Help During the Hardest Times Mallory Kostroff ‘23L discusses her year as a student attorney in the Criminal Justice Clinic.
Mallory Kostroff ‘23L is from Westchester, New York. She attended Lafayette College where she received a B.A. in International Affairs with a minor in Religious Studies. She was also an active member in the theater community during her time at Lafayette. At W&L Law, she is the Executive Editor of the Journal of Civil Rights and Social Justice as well as a student attorney in the Criminal Justice Clinic.
Why did you choose to participate in this clinic for your 3L year?
I chose to participate in this clinic because I wanted to serve my community through direct representation of clients in criminal district courts. I really loved the idea of the clinic because it gives students the opportunity to have actual cases and clients before becoming barred attorneys.
What classes have prepared you to work in the Criminal Justice Clinic (CJC)?
During my 2L year I took Evidence, Professional Responsibility, and Criminal Procedure Adjudication and Investigation which all helped me learn how to approach every aspect of a criminal case. One of my favorite classes I have taken, Trial Advocacy with Judge Carson, provided me the confidence to appear in court and advocate for my clients effectively and zealously. Additionally, I have taken Family Law and the Advanced Family Law Practicum. I am currently in Immigration Law to learn about the different issues that affect our clients outside the criminal legal system itself. In addition, this semester I am playing one of the defendants in the Criminal Practice Practicum, which has allowed me to learn about the federal criminal legal system and return to my theater roots.
Describe your schedule with the CJC.
My schedule really depends on how close I am to my trial date. I usually get to the school around 7 am and do most of my work in the clinic because I am big fan of the conference room table we have in there. Every week we have to do 5 hours of office hours and we also have a 2 hour class on Wednesday afternoons where we have case rounds or discuss different aspects of being a criminal defense lawyer. What I will say is that every week in CJC is different. Sometimes we are traveling to see discovery, doing investigation on our cases, meeting with clients, conducting legal research for our cases, or preparing for trial by crafting our examinations and legal theories.
What are some skills you have developed this year?
One skill I have developed this year is my client counseling. Often in CJC, we are helping our clients through one of the hardest and scariest times of their lives. I have learned how to be an empathetic ear for my clients while effectively working with my client through every step of their criminal case. I have also developed my courtroom presence and how to be a zealous advocate for my clients both inside and outside of the courtroom.
What surprised you about the work you have done for the Clinic?

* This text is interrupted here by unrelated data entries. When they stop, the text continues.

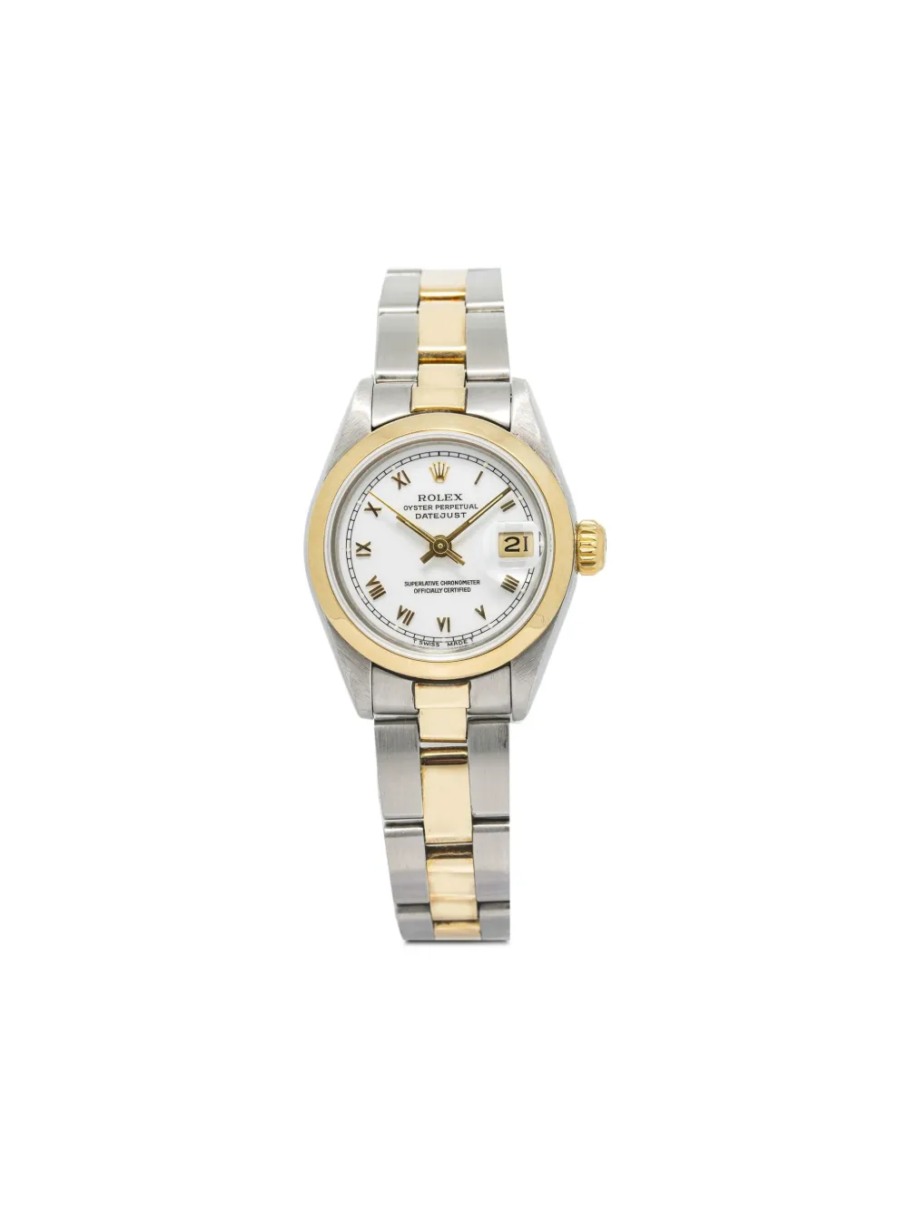 pre-owned 26mm blanc or jaune 18ct boîtier en acier inoxydable boîtier rond lunette fixe chiffres romains cadran secondes aiguilles bâton aiguille seconde mouvement automatique suisse guichet de date grossissant loupe Cyclope signature couronne vissée bracelet bicolore Oyster Perpetual boucle déployante Cet article bénéficie d’un an de garantie standard proposé par la boutique partenaire. L’utilisation quotidienne normale et les agents externes peuvent réduire l’éclat des pierres précieuses et des surfaces en or. Pour entretenir vos bijoux, utilisez des produits spécifiques, non abrasifs et spécialement conçus pour le nettoyage.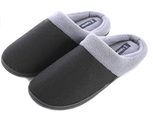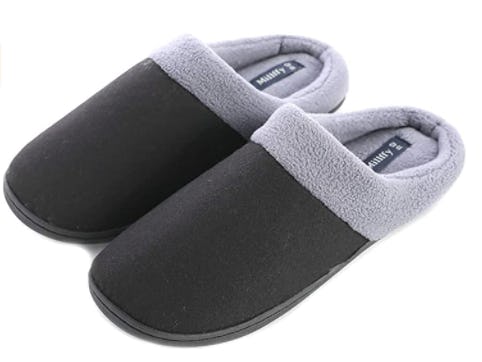 Designed with a plush fleece lining and high-density memory foam insoles, these unisex slippers offer fantastic warmth and comfort. They also have anti-slip rubber soles, so you can step out to get the mail while wearing them, and they come in three neutral shades: camel, gray, and two-tone gray and black.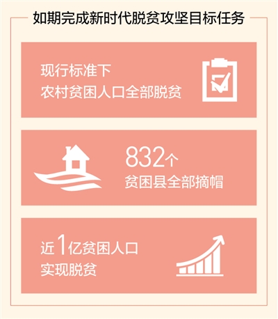 党的十八大以来,以习近平同志为核心的党中央团结带领全党全国各族人民,把脱贫攻坚摆在治国理政突出位置,组织实施了人类历史上规模最大、力度最强的脱贫攻坚战。习近平总书记指出,“我们要立下愚公移山志,咬定目标、苦干实干,坚决打赢脱贫攻坚战,确保到2020年所有贫困地区和贫困人口一道迈入全面小康社会。”“到2020年现行标准下的农村贫困人口全部脱贫,是党中央向全国人民作出的郑重承诺,必须如期实现,没有任何退路和弹性。”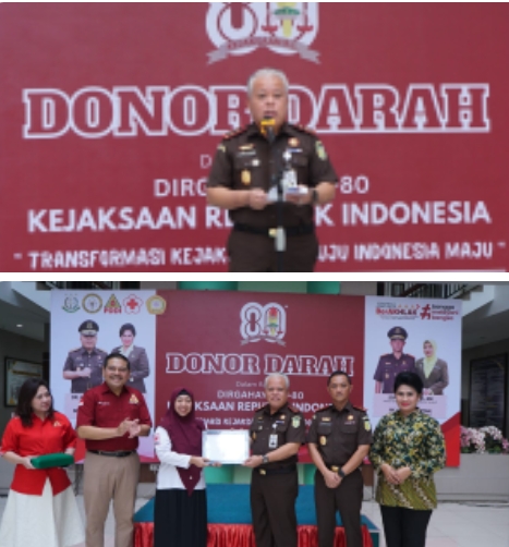 Bedahkasus.com, Medan -Dalam rangka menyambut hari lahir (HARLAH) Kejaksaan R.I ke-80 tahun 2025, Kejaksaan Tinggi Sumatera Utara melaksanakan bhakti sosial dengan menggelar donor darah bagi seluruh pegawai Kejaksaan Tinggi Sumatera Utara yang dilaksanakan di Adhyaksa Hall lantai I Kejati Sumut Jalan Jend Besar AH Nasution No.1C Medan.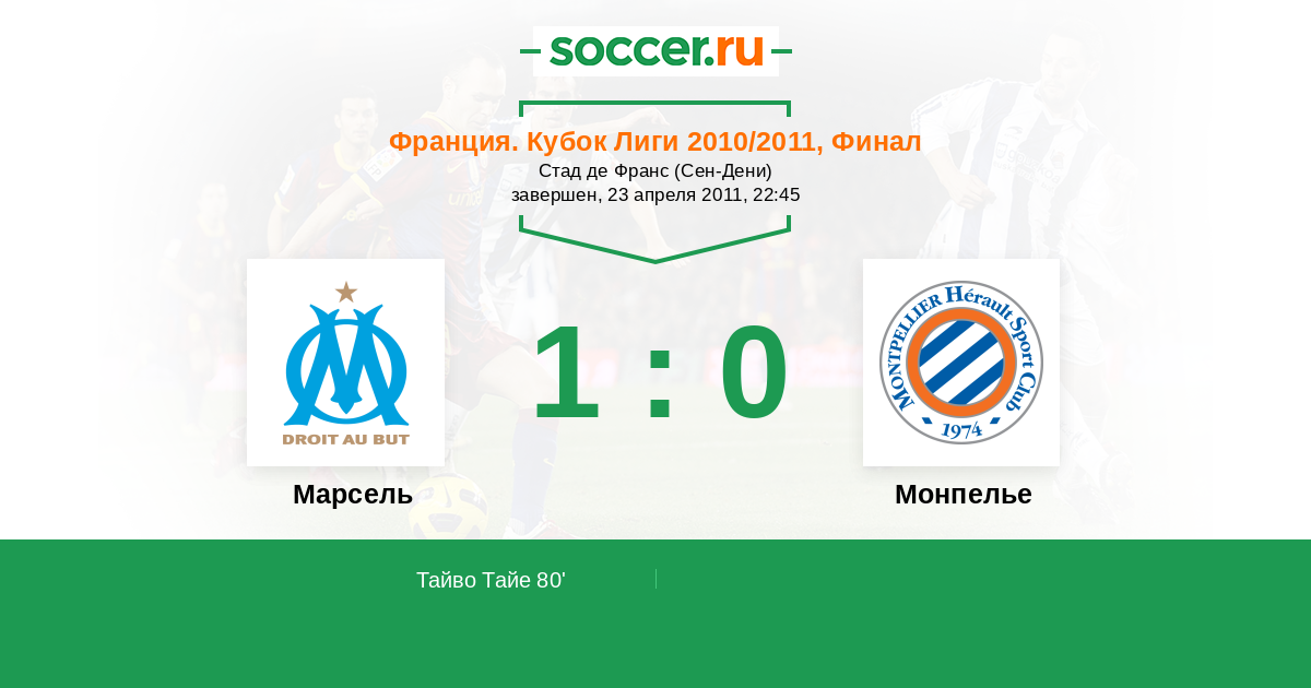 Протокол матча Марсель против Монпелье

One thing that has surprised me is how much trust Professor King and Professor Shapiro have put in me and the other CJC student attorneys. They provide excellent guidance and support to us but at the same time let us have complete control over our cases. All our clients are really our own clients, and we have complete autonomy over how to approach our case from start to finish. While this approach terrified me at first, it has allowed me to become a more confident version of myself. I like to describe their style as they let us swim on our own, but they have a life raft that they can use to pick us up in at any moment. They have shown us that not only can we swim on our own, but that we can swim successfully on our own.
What was your favorite aspect of your work with the Clinic?
My favorite aspect of my work in this clinic is the community that we have built. I look forward to going to the clinic every day because I love working with the other student attorneys. Sometimes criminal defense work can be heavy, but knowing I have the other student attorneys to talk with about my cases or roadblocks I am having in my trial prep has been so nice. We all support each other both in clinic and non-clinic things, and I know I will keep in touch with everyone post-graduation.
What was your biggest challenge working in the Clinic?
The biggest challenge working in the clinic was learning Virginia criminal law. Most of our clients are charged with misdemeanors, which are outlined in the Virginia Code. I think the code can be incredible confusing, and often statutes lead you to other statutes which usually do not provide the clarity that you are hoping for. However, I have learned that something I really love is legal research, and I have enjoyed trying to decipher these statutes.
Has this experience helped you figure out your post graduate plans, and if so how?
This experience has reignited my love for research and writing as every single case in the clinic is a puzzle that we are trying to figure out how to put together, and we never know what the picture of the puzzle is. I plan on applying all of the skills that I have learned from the CJC and the confidence I have gained post law school.